Ah, a new year! I have high hopes for this one :)

I participated in Ludum Dare 16 and made a toy I'm proud of. It's a multiplayer text game, and while it doesn't have every feature I wanted, it's playable. The concept is simple.. you walk around and drop letters for others to see. It managed to win first place in the 'innovation' category! Check it out here.

I'm currently working on a release of Sculpt. Everything is pretty much in place except the user interface. Since the UI is the meat of the program I'm doing my best to get it right. Will be posting updates on it soon!


Mon 30 Nov

Yeaa raytracers

As a nice little distraction I've been working on a ray tracer. For whatever reason, ray tracers have always fascinated me... I think it was probably due to the awful art on my gradeschool Trapper Keeper:

trapperkeeper

In any case, I decided to code a simple one on my own to better understand how they work. It was a fun project and caused me to revisit my 'prim' library which deals with primitives like vectors, quaternions, etc. Dealing with 3D rays and intersections is also a good math refresher and cleared out a good amount of cobwebs.

The source can be had here. A screenshot of the final state of the ray tracer including diffused lighting, shadows, and reflection:


Fri 9 Oct

Playing with neural networks and genetics

I finally got around to mucking with artificial neural networks. ANN are an area of AI that have always fascinated me. My naive understand was that you could create a 'brain' of sorts and train it to any task. Unfortunately, this isn't the case... ANN are normally used in situations that have a distinct solutions to given inputs, such as character recognition or pattern tracking. I still have enough naivety to think they can be applied to games, so let's get this started!

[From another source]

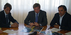 Nella foto: un momento della conferenza stampa di questa mattina a Sant'Anna

The goal of this experiment is simple: get a critter to move. The critter starts in a random position on a grid, and must navigate to a target position. The only input it has is a normalized vector that points toward the target position. The output of the net will be four variables, each mapped to move left, move right, move up, and move down. Now, this may seem a simple task since we're pointing the critter at exactly where it needs to go, but the trick here is we don't tell the critter how to move! The critter must learn to associate the input vector with its output bits so it can move in a specific direction.

I'm gonna go pretty light on ANN theory here because there are much better tutorials here and here. Basically the net is made up of nodes that represent how neurons work in the brain. Each node goes through this process:

  • Receive input from multiple sources
  • Apply a weight individually to each source
  • Sum these weighted values
  • Output a value based on this sum

The network adapts by changing the weights on each input which in turn gives a different output signal. There are many different kinds of network layouts, and the one I chose is the most basic (and easiest) called feedforward. This just means the nodes always send signals in one direction and never backward. My final network layout looked like this:

nn_diagram

So we have a pretty looking network in place, but how does the critter actually learn? I chose to use a genetic algorithm which isn't exactly a learning technique... it is more like a brute force attempt to find a correct solution. The algorithm is simple:

  • Create a population with random genomes
  • Sort the population based on a 'fitness' value
  • Breed a new population favoring those that are fit
  • Repeat until desired behavior is reached

There are a lot of parameters to tweak here, such as crossover rate and mutation. Crossover rate is the percent chance that two mates swap chunks of genome, and mutation rate is the chance a part of the genome will randomly change. These values are very sensitive to the application and population size! For example, if your mutation rate is too high, you will never converge on a solution because the population is too unstable. Too low a mutation and the population will converge on an incorrect solution because they don't have enough diversity.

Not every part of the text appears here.